● **Task requirements**
Starting with the line that has "Grußworte kamen vom" and finishing with the line that has "If you enjoy", set down each line below exactly. Pictures are not copied.

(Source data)
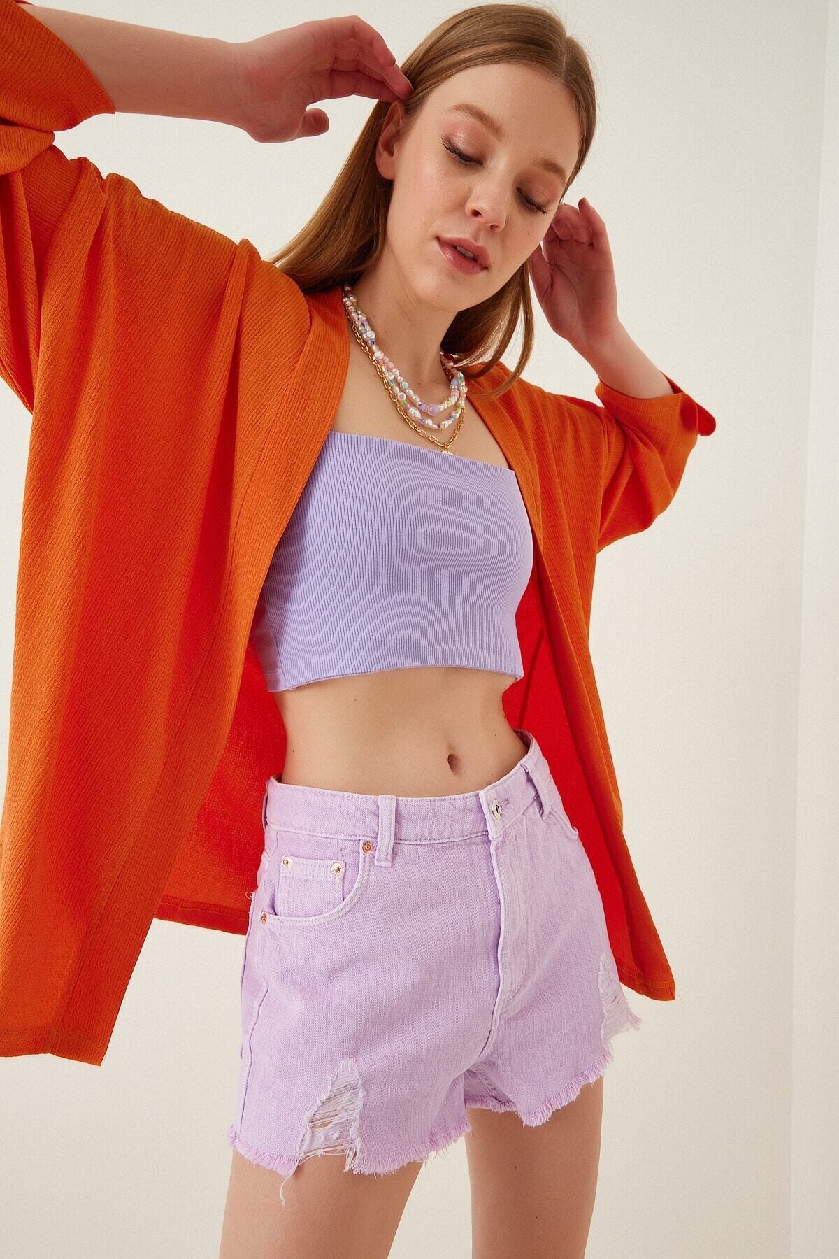 Женская оранжевая куртка с открытым передом и текстурированным воротником, легкая и стильная, размер 36, из полиэстера с ликрой
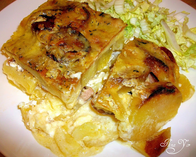 Необходими продукти: 1,5 кг картофи; 2 - 3 бр. шунка (мек колбас); 500 мл течна сметана за готвене;150 – 200 г сирене;1 - 2 яйца; 1 - 2 с.л брашно; 1 с.л. олио;Черен пипер; Сол.
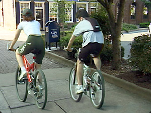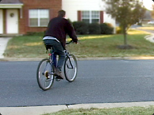 | Quali persone stanno andando in bicicletta sul marciapiede? | Кто едет на велосипедах по тротуару? | ||
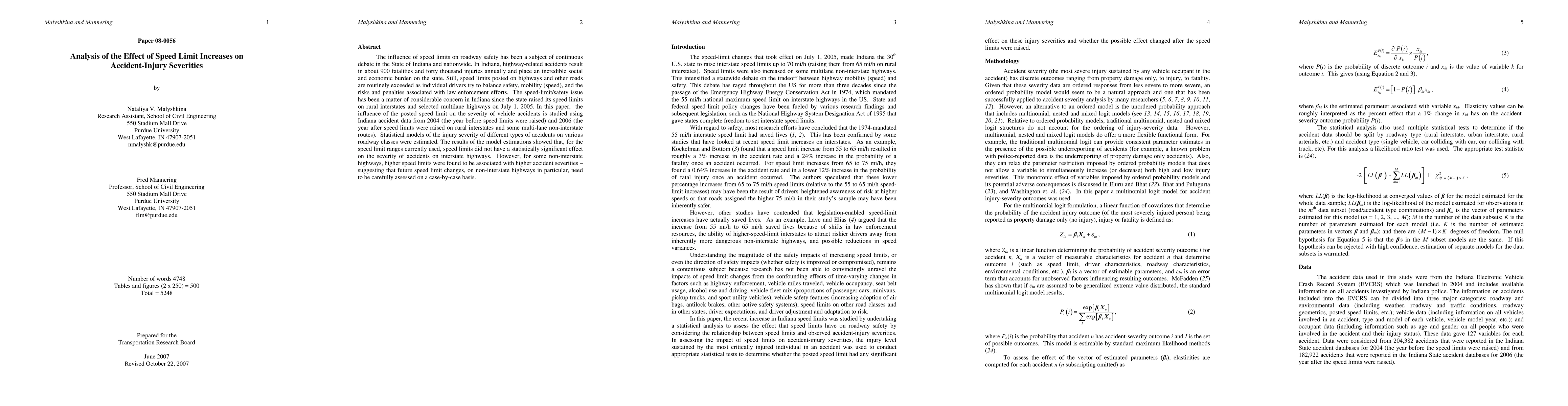 The influence of speed limits on roadway safety has been a subject of continuous debate in the State of Indiana and nationwide. In Indiana, highway-related accidents result in about 900 fatalities and forty thousand injuries annually and place an incredible social and economic burden on the state. Still, speed limits posted on highways and other roads are routinely exceeded as individual drivers try to balance safety, mobility (speed), and the risks and penalties associated with law enforcement efforts. The speed-limit/safety issue has been a matter of considerable concern in Indiana since the state raised its speed limits on rural interstates and selected multilane highways on July 1, 2005. In this paper, the influence of the posted speed limit on the severity of vehicle accidents is studied using Indiana accident data from 2004 (the year before speed limits were raised) and 2006 (the year after speed limits were raised on rural interstates and some multi-lane non-interstate routes). Statistical models of the injury severity of different types of accidents on various roadway classes were estimated. The results of the model estimations showed that, for the speed limit ranges currently used, speed limits did not have a statistically significant effect on the severity of accidents on interstate highways. However, for some non-interstate highways, higher speed limits were found to be associated with higher accident severities - suggesting that future speed limit changes, on non-interstate highways in particular, need to be carefully assessed on a case-by-case basis.
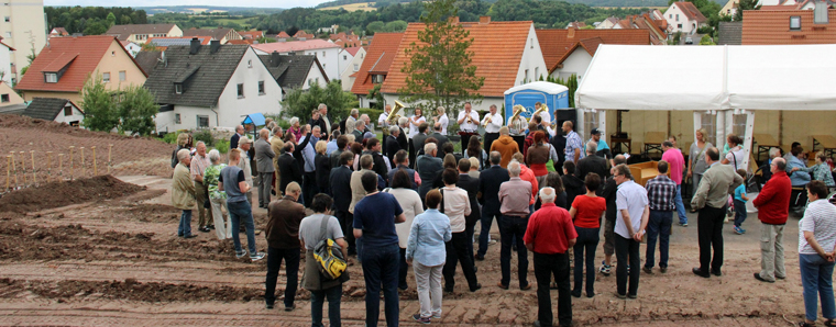 Grußworte kamen vom Generalvikar Prof Dr. Stanke, der alles Gute zur Verwirklichung des ehrgeizigen Projektes wünschte, sowie vom Ersten Kreisbeigeordneten Dr. Heiko Wingenfeld und vom Bürgermeister Hünfelds, Stefan Schwenk, die sich beide glücklich über nun erfolgende Umsetzung eines lang und gründlich entwickelten Plans zeigten. Nachdem der Aufsichtsratsvorsitzende der Caritas, Msgr. Elmar Gurk die Baustelle eingesegnet hatte, schritten die Redner und weitere zahlreiche Projektbeteiligte zum Spatenstich. Anschließend blieb die Festgemeinde noch zusammen und ließ den Festakt in gemütlicher Runde ausklingen. +++ fuldainfo
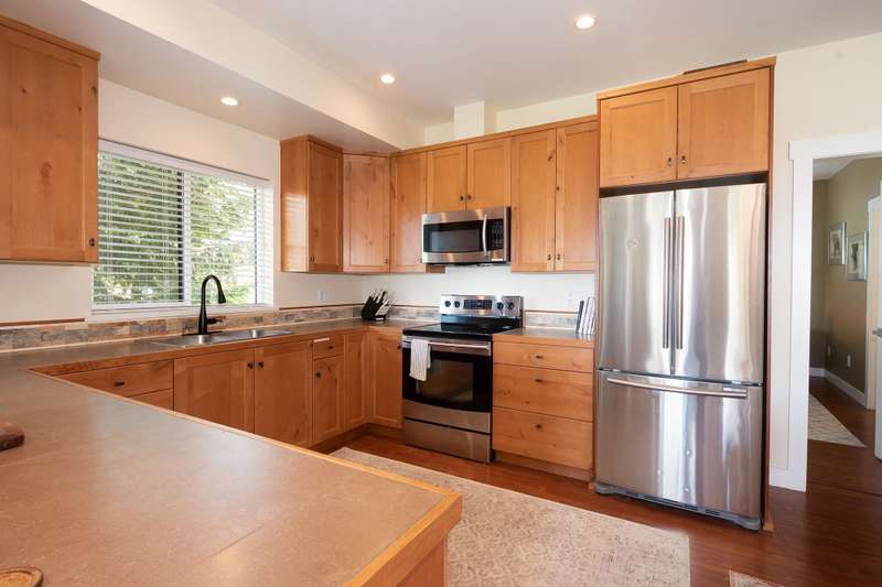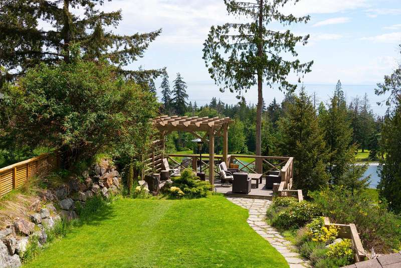 If you enjoy golf, walking trails, & sunshine, this is the spot for you. Perched right above hole 8, and the driving range/performance centre just beyond, you can access the golf course, and the trails surrounding it, from your backyard. This is a location where you feel like you are on vacation all year round. From the backyard patio take in the distant views of the Salish Sea, and relax among the multitude of birds that reside in the neighbouring forests. The main floor features an open plan living/dining/kitchen, with a built-in BBQ just outside. The primary bedroom, with ensuite is also on the main floor. Upstairs is a self-contained 2 bed/2 bath guest suite. Live upstairs and rent the main floor, or vice versa - a great opportunity to get into the Bowen market, with a mortgage helper.
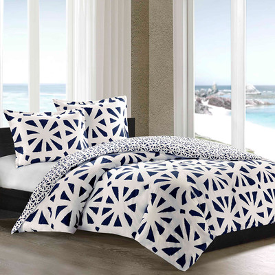 A duvet set with a bold bright pattern of starbursts in navy and white brings fresh excitement to your room. Choose your favorite accent colors to complement either a modern or traditional design that just needs some updating. The 100% cotton sateen fabric is both soft and airy. Time to dream. AllModern.com.
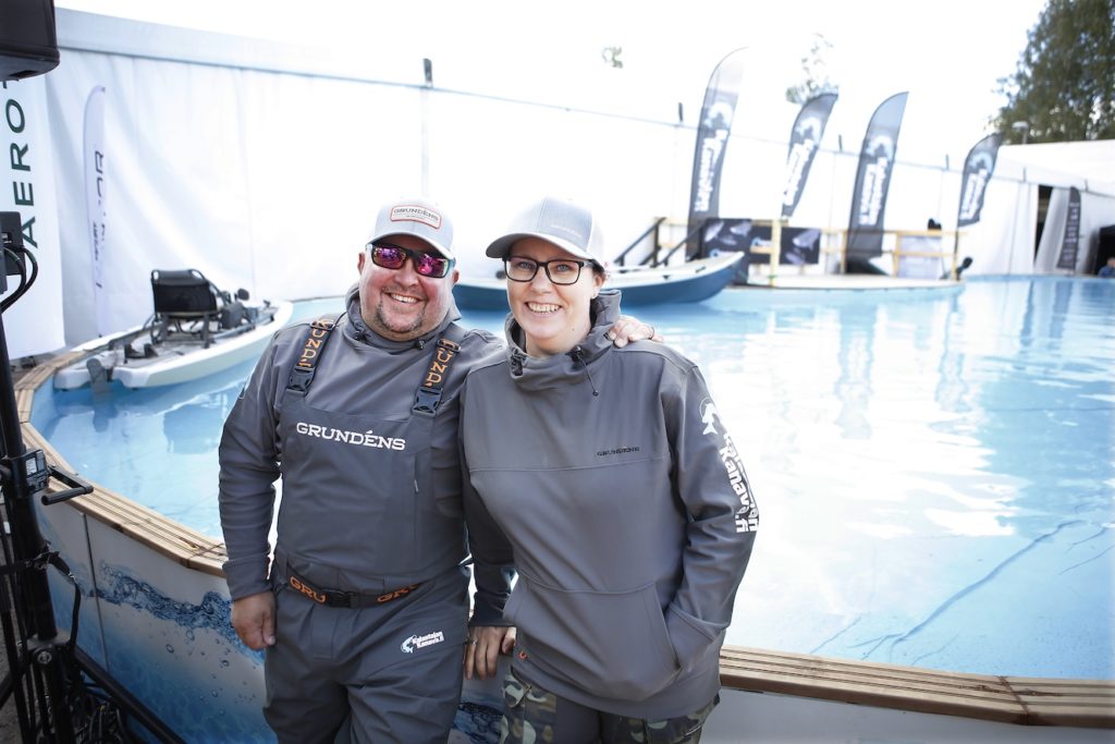 Kalastajan Kanavan Jyri ja Anne-Maarit tuottavat Pirkanmaan Erämessujen kalastusalueen ohjelman. Kuva Jenniina Nummela, Riihimäen Erämessut 2024
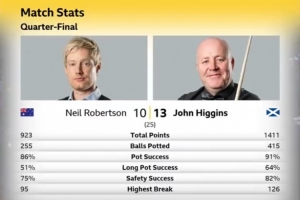 体育资讯4月30日讯 斯诺克世锦赛1/4决赛,希金斯13-10尼尔·罗伯逊,晋级四强。本场比赛两人数据如下(希金斯在先)
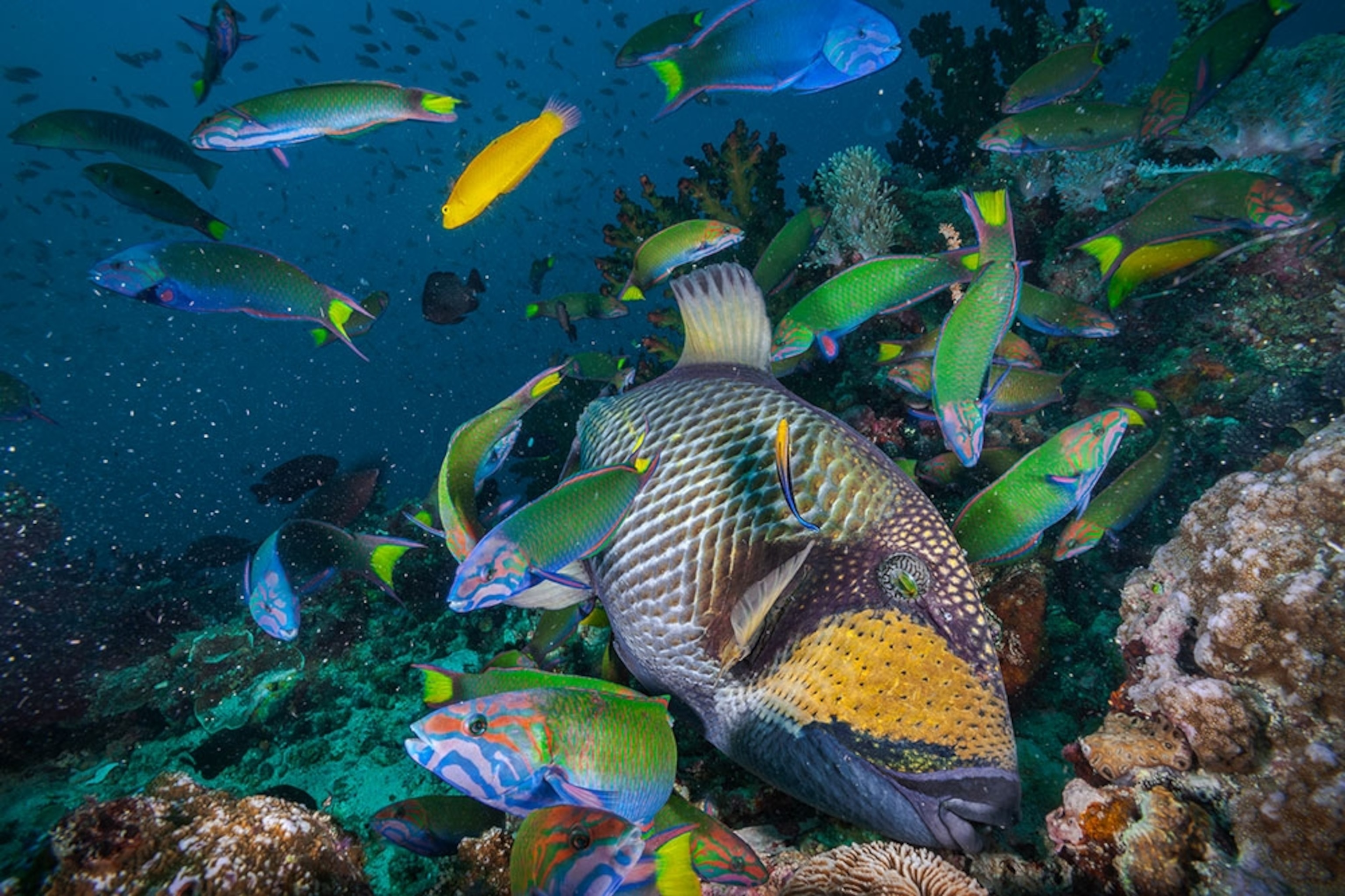 Trying to save the young: A titan triggerfish, exhausted after battling to defend the eggs in its nest, lies down in a last attempt to save its young from moon wrasses. The robust corals on this reef attract a stunning array of sea life.
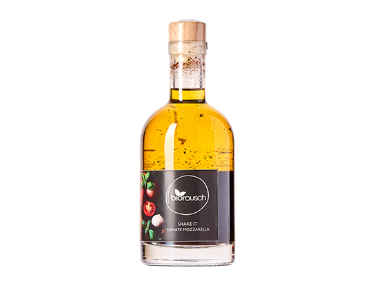 Biorausch SHAKE IT FreshShake It Fresh ist eine außergewöhnliche Fruchtessig-Öl-Mischung, die sich perfekt für Menschen eignet, die kreative und gewürzintensive Aromen in ihrer Küche lieben. Diese vielseitige Mischung kombiniert hochwertige Zutaten und Gewürze zu einem einzigartigen Erlebnis. Mit einer aufregenden Mischung aus Fruchtessig, hochwertigem Öl, und einer Vielzahl von Gewürzen und Aromen bringt Shake It Fresh Frische, Tiefe und ein kleines Stück Exotik in jede Mahlzeit.Zutaten und AromenDie Zutaten dieser Mischung wurden sorgfältig ausgewählt, um das volle Geschmackspotenzial zu entfalten:Fruchtessig: Der Fruchtessig bringt eine erfrischende Säure, die die Aromen der anderen Zutaten ausbalanciert und die Frische eines frischen Dressings verstärkt.Hochwertiges Öl: Ein edles, leicht fruchtiges Öl sorgt für die Grundlage dieser Mischung und ermöglicht die perfekte Integration der Aromen.Fleur de Sel: Dieses hochwertige Salz fügt einen feinen, natürlichen Geschmack hinzu und hebt die anderen Zutaten hervor.Indische Sonnenflocken: Diese exotischen Flocken verleihen dem Öl eine einzigartige Note und eine sanfte Schärfe, die an die Vielfalt indischer Gewürze erinnert.Paprika und geräucherte Paprika: Beide Paprikasorten bringen eine harmonische Balance aus süßen und rauchigen Aromen, die in Kombination mit den anderen Zutaten eine angenehme Tiefe schaffen.Tomaten: Tomaten verstärken den fruchtigen Charakter der Mischung und sorgen für eine subtile, frische Süße.Schwarzkümmel: Mit seiner leicht bitteren, warmen Würze trägt der Schwarzkümmel dazu bei, den Geschmack zu verfeinern und einen Hauch von Orient zu verleihen.Knoblauch und Zwiebel: Klassische Würzkomponenten, die dem Öl eine herzhafte Grundlage und Tiefe verleihen.Pfeffer und Chili: Diese Gewürze sorgen für die angenehme Schärfe und Würze, die jedes Gericht lebendig machen.Balsamico Schwarz: Der Balsamico bringt eine raffinierte Süße und Säure, die perfekt mit den Frucht- und Gewürzaromen harmoniert.Orangen- und Zitronenöl: Diese zitrusartigen Aromen geben der Mischung eine frische, fruchtige Note, die perfekt mit den kräftigen Gewürzen zusammenarbeitet.AnwendungsmöglichkeitenShake It Fresh ist ein wahres Allround-Talent in der Küche und kann auf verschiedene Weisen verwendet werden:Salatdressings: Ein idealer Begleiter für grüne Salate, Tomaten- oder Mozzarella-Salate, um die Frische und Komplexität des Dressings zu erhöhen.Marinaden: Verwandeln Sie Fleisch, Fisch oder Gemüse mit dieser Mischung in eine würzige und aromatische Mahlzeit. Einfach das Shake It Fresh über die Zutaten gießen und einige Stunden ziehen lassen.Dip für Brot und Focaccia: Kombinieren Sie es mit frischem, knusprigem Brot oder Focaccia für einen würzigen und aromatischen Dip.Pasta und Pizza: Träufeln Sie es über frisch gekochte Pasta oder Pizza, um den Geschmack zu intensivieren und eine exotische Würze hinzuzufügen.Gemüsegerichte: Perfekt für gegrilltes oder gebratenes Gemüse, um einen einzigartigen Geschmack zu erzeugen.Frittierte oder gegrillte Snacks: Verwenden Sie es als Dip für frittiertes Gemüse, Pommes oder Fingerfood für ein extra aromatisches Erlebnis.Vorteile und BesonderheitenVielseitig: Von Salaten über marinierte Fleisch- und Gemüsegerichte bis hin zu Dips und Saucen – Shake It Fresh passt zu nahezu jeder Mahlzeit.Frische Aromen: Die Kombination aus Fruchtessig, hochwertigen Ölen und einer Vielzahl an Gewürzen bringt eine angenehme Frische und Tiefe in jedes Gericht.Exotisch und pikant: Mit einer Kombination aus indischen und mediterranen Aromen bringt Shake It Fresh exotische und komplexe Geschmacksrichtungen in Ihre Küche.Frei von künstlichen Aromen: Shake It Fresh setzt auf natürliche und qualitativ hochwertige Zutaten, um einen reinen, unverfälschten Geschmack zu bieten.FazitMit Shake It Fresh holen Sie sich eine vielseitige und aromatische Mischung in Ihre Küche, die ideal für die Zubereitung von Dips, Dressings, Marinaden und vielem mehr geeignet ist. Die Kombination aus fruchtigem Essig, hochwertigem Öl und einer vielfältigen Gewürzpalette sorgt für ein unverwechselbares Geschmackserlebnis, das Ihre Gerichte auf ein neues Level hebt. Erleben Sie die Frische und die außergewöhnliche Aromenvielfalt, die dieses Gewürzöl zu einem unverzichtbaren Küchenhelfer macht.Angebrochen ist das SHAKE IT bis 6 Monate im Kühlschrank haltbarZutaten: Fruchtessig, hochwertiges Olivenöl, Fleur de Sel, Indische Sonnenflocken, Paprika, Tomaten, Schwarzkümmel, Knoblauch, Zwiebel, Pfeffer, Chili, geräucherte Paprika, Balsamico Schwarz, Orangen und ZitronenölDurchschnittliche Nährwerte pro 100 ml:Energie: 457 kcal / 1912 kJFett: 45 gdavon gesättigte Fettsäuren: 6 gCholesterin: 0 mgNatrium: 836 mgKalium: 67 mgKohlenhydrate: 16 gdavon Zucker: 0 gEiweiß: 0,8 gBallaststoffe: 16 g
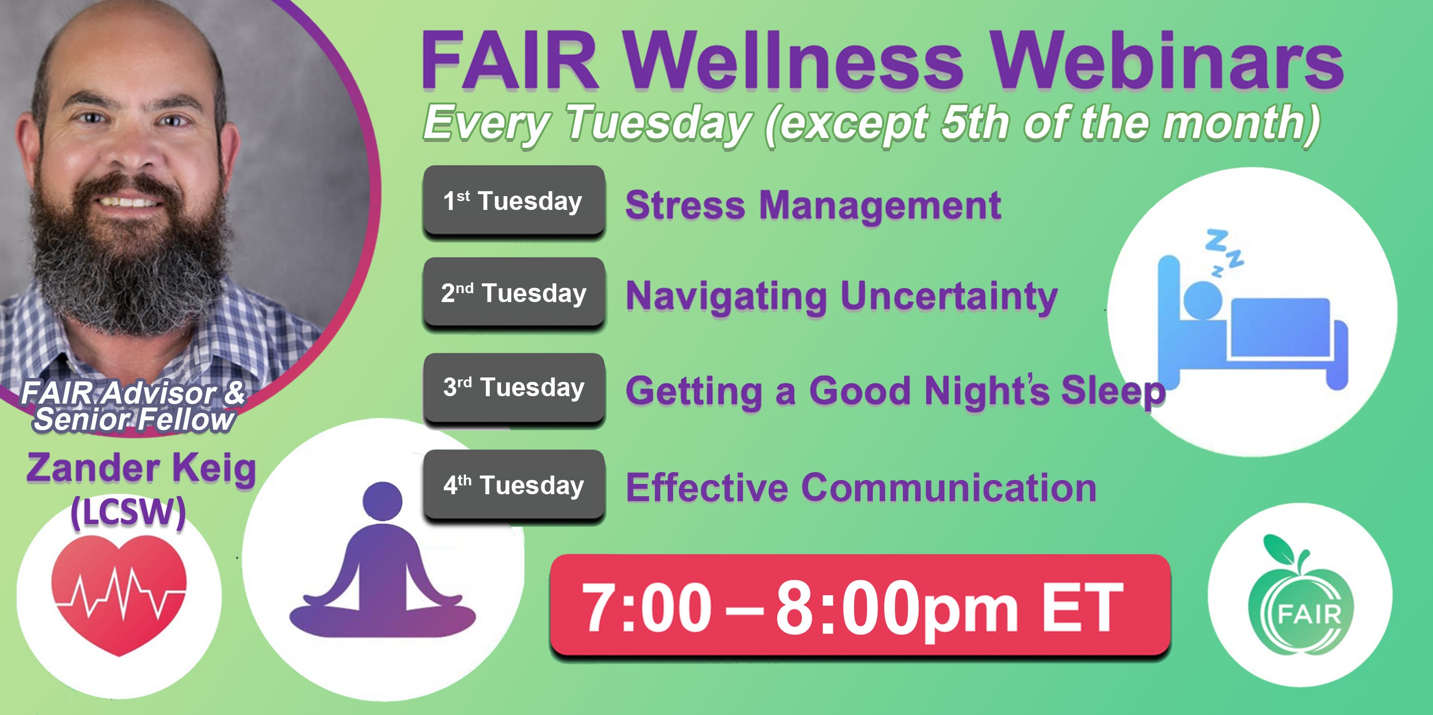 Every Tuesday (except the 5th of the month) from 7:00 to 8:00PM ET, beginning March 1st, FAIR Advisor Zander Keig will be hosting a series of FREE Wellness Webinars for FAIR members. The webinars include:
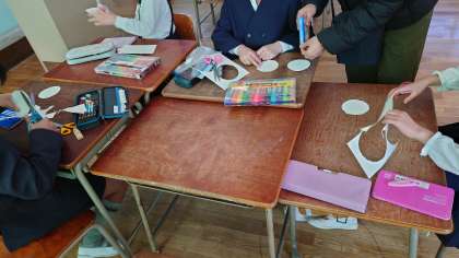 2月17日(金)のひまわりタイムは、ぶんぶんごまを作りました。厚紙の円を二つ切り、貼り合わせて好きな絵をかきました。ひもを通してできあがり。

● **Finished exercise**
 Grußworte kamen vom Generalvikar Prof Dr. Stanke, der alles Gute zur Verwirklichung des ehrgeizigen Projektes wünschte, sowie vom Ersten Kreisbeigeordneten Dr. Heiko Wingenfeld und vom Bürgermeister Hünfelds, Stefan Schwenk, die sich beide glücklich über nun erfolgende Umsetzung eines lang und gründlich entwickelten Plans zeigten. Nachdem der Aufsichtsratsvorsitzende der Caritas, Msgr. Elmar Gurk die Baustelle eingesegnet hatte, schritten die Redner und weitere zahlreiche Projektbeteiligte zum Spatenstich. Anschließend blieb die Festgemeinde noch zusammen und ließ den Festakt in gemütlicher Runde ausklingen. +++ fuldainfo
 If you enjoy golf, walking trails, & sunshine, this is the spot for you. Perched right above hole 8, and the driving range/performance centre just beyond, you can access the golf course, and the trails surrounding it, from your backyard. This is a location where you feel like you are on vacation all year round. From the backyard patio take in the distant views of the Salish Sea, and relax among the multitude of birds that reside in the neighbouring forests. The main floor features an open plan living/dining/kitchen, with a built-in BBQ just outside. The primary bedroom, with ensuite is also on the main floor. Upstairs is a self-contained 2 bed/2 bath guest suite. Live upstairs and rent the main floor, or vice versa - a great opportunity to get into the Bowen market, with a mortgage helper.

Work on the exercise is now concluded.